Non eadem est aetas, non
mens/L’età non è più quella, e l’animo neppure
Puntualmente, da più di quindici anni
Amélie Nothomb non tradisce le attese dei suoi lettori e, fine agosto/primi di
settembre, pubblica (editore Albin Michel) un suo nuovo libro. Anche quest’anno
l’attesa non è andata delusa: ecco appena arrivato La nostalgie heureuse. Ma c’è del nuovo in questo inizio di autunno
letterario: ormai quarantenne, la brillante scrittrice ha probabilmente sentito
il bisogno di mettere un punto a capo, di fare i conti con sé stessa, di
interrompere una routine che poteva diventare troppo scontata e impegnarsi in
qualcosa di più maturo. I prossimi anni daranno una parola di verità su queste
esigenze, ma per ora leggiamo che ella ha sentito il richiamo del Giappone che
ha per lei un potere di guarigione: «So che ho bisogno di essere salvata. Da
che cosa? Da un insieme di cose di cui molte mi sono sconosciute. Se sapessi
precisamente quel che mi minaccia, sarei senza dubbio già salva». A tal fine
sente l’esigenza di ritornare appunto al Giappone e ritrovare la sua vita
giapponese, «che ha il merito di essere meno mescolata alle mie altre
esistenze. È anche questo che amo tanto del Giappone: ciò che ho vissuto è
sgombro da rumori o giri a vuoto. [...] Qualcuno potrebbe dire che in queste
condizioni qualunque Paese andrebbe bene. Io so che avevo bisogno d’essere
soggiogata, d’avere fede. Il Giappone suscita questo in me. È il solo». Chi ha
conosciuto il fascino e ha assorbito almeno qualche elemento della eleganza,
malinconia, delicatezza di quel Paese sa che questo è vero e insostituibile.

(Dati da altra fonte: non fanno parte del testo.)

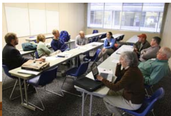
Iowa Natural Heritage Association Workshop at the IAS Annual Meeting

Da un lato, dunque, la Nothomb cerca
una sorta di salvezza dai suoi problemi attuali (per i quali adopera
disinvoltamente le parole di Racine «Il mio male viene da più lontano»), mentre,
d’altro canto, sembra sentire che questo deve passare attraverso una sorta di
riconciliazione proprio col suo passato giapponese. Strappata da quello che
considerava il suo Eden a cinque anni, tornata ventenne con poca
consapevolezza, ora i tempi sono per lei propizi per un addio più maturo a
questa parte di sé, per cui è questo stesso fatto che diviene salvifico. L’incontro
con sua vecchia tata ormai ottantenne, una commoventissima dichiarazione
d’amore accompagnata dalle lacrime non versate a suo tempo; rivedere il suo ex
ragazzo (col quale aveva vissuto, nel suo secondo periodo giapponese, descritto
in Ni d’Ève ni d’Adam, una esperienza
di tenerezza, amicizia, complicità, ma non di passione) dal quale era fuggita
per la “minaccia” di un possibile matrimonio e che le riconferma, senza più
colpe, la giustezza della sua scelta, sono tappe fondamentali per poter ormai
guardare a quel passato non più con una “nostalgia triste”, ma con natsukashii, «la nostalgia felice,
l’istante in cui il bel ricordo torna alla memoria e la riempie di dolcezza», una
nostalgia ormai conciliata, tanto da diventare il titolo stesso del libro.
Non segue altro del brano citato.